In the following paragraphs, the results obtained with MixTaR are analysed from two points of view: the percentage and the pattern length range of detected TR from the first chromosome of C. elegans.

Percentage of detected TR depending on the quality of long reads In order to evaluate the impact of the errors from the long reads on the quality of the results obtained by MixTaR, we run it on the four sets of long reads described in the previous paragraph, i.e. LR-E and LR-CE with a coverage depth of x20 and x100. In order to evaluate only the impact of long reads errors, we place ourself in the case of optimal conditions for the short reads. Hence, for these runs, we used the set without errors for the short reads, SR-NE, and different odd values for k [17, 47]. In the following, we present the results obtained for k = 17, the value for which MixTaR returns the largest set of TR. Figure 4 describes the results obtained on the set of robust TR. After running mreps on the first chromosome of C. elegans, we extracted, from the set of TR returned by mreps, the robust TR. For k = 17, we obtained 1,144 robust TR with |p| ≤ 20 and 2,054 robust TR with |p| ≤ 100. Each bar from Figure 4 presents the number of TR for the four types of TR presented above (TP , TPi, FP and FN). MixTaR is able to detect the complete sequence of more than 94% of the robust TR with |p| ≤ 20 from the chromosome. The percentage drops to 82.8% for the robust TR with |p| ≤ 100, due to the fact that MixTaR can not explore all the cycles with length between 20 and 100 vertices. This percentage could be increased by allowing a longer running time and a higher value for the parameter η (i.e. the maximum number of arcs explored for a vertex in order to find cycles of maximal length of 100 vertices). Moreover, the percentage of FP is about 0.3% for TR with |p| ≤ 20 and at most 12% for TR with |p| ≤ 100. The FP obtained are due to the greedy assemblies. Even if the set of short reads is errorless, SSAKE can make wrong choices when assembling the set of reads for a TR pattern. This happens when, due to long repeats, two reads have the longest overlap but are not located in the same region in the chromosome. However, by selecting the adequate short reads for the local greedy assemblies, we are able to limit the number of FP obtained, contrary to a global assembly.
Figure 4

Number of robust TR detected from the first chromosome of C. elegans using long reads with different error rates. The results are obtained with the 4 sets of simulated long reads with coverage depth of x20 and x100, non-corrected LR-E and corrected LR-CE. For each run, we used the set SR-NE of short reads and k = 17.

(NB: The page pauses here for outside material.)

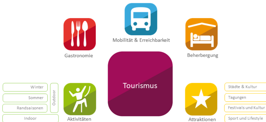
Abbildung 1 Wesentliche Komponenten eines touristischen Angebots.

Viele Bereiche der Landnutzung, wie etwa die Land- und Forstwirtschaft, sind von den Auswirkungen des Klimawandels betroffen. Der Tourismus unterscheidet sich von diesen betroffenen Bereichen ganz wesentlich. Zum einen setzt sich ein touristisches Angebot grundsätzlich aus verschiedenen Komponenten zusammen, die von verschiedenen Anbietern kommen und die in Österreich, anders als vielfach in Nordamerika, meist völlig unabhängig voneinander entwickelt und angeboten werden. Abbildung 1 gibt einen Überblick über diese Komponenten. Zum anderen unterscheiden sich die Verhältnisse gegenüber anderen Landnutzungen auch dadurch, dass der Tourismus von der Wahrnehmung der Urlaubsregion durch den Gast und dessen Entscheidung abhängig ist (vgl. Abb.2).

The exact values for the precision and the sensitivity obtained on the set of robust TR with |p| ≤ 100 are presented in the first two columns of Table 1. There is no notable difference between the set of TR obtained on the four sets of long reads. This is probably due to the fact that, in the case of a complex organism with significant number of repeats, correcting long reads remains a difficult task. By using the long reads only for the validation of the TR patterns, MixTaR is robust with respect to the error rate of long reads.
Table 1

Precision and sensitivity values for the detection of robust TR and of general TR with maximal pattern length of 100 bp from the first chromosome of C.

 

Robust TR

General TR

 

Precision

Sensitivity

Precision

Sensitivity

LR-E x20

0.909

0.909

0.990

0.984

LR-E x100

0.892

0.908

0.988

0.984

LR-CE x20

0.909

0.912

0.993

0.984

LR-CE x100

0.883

0.911

0.987

0.984

elegans. The results are obtained with the set SR-NE of short reads and k = 17.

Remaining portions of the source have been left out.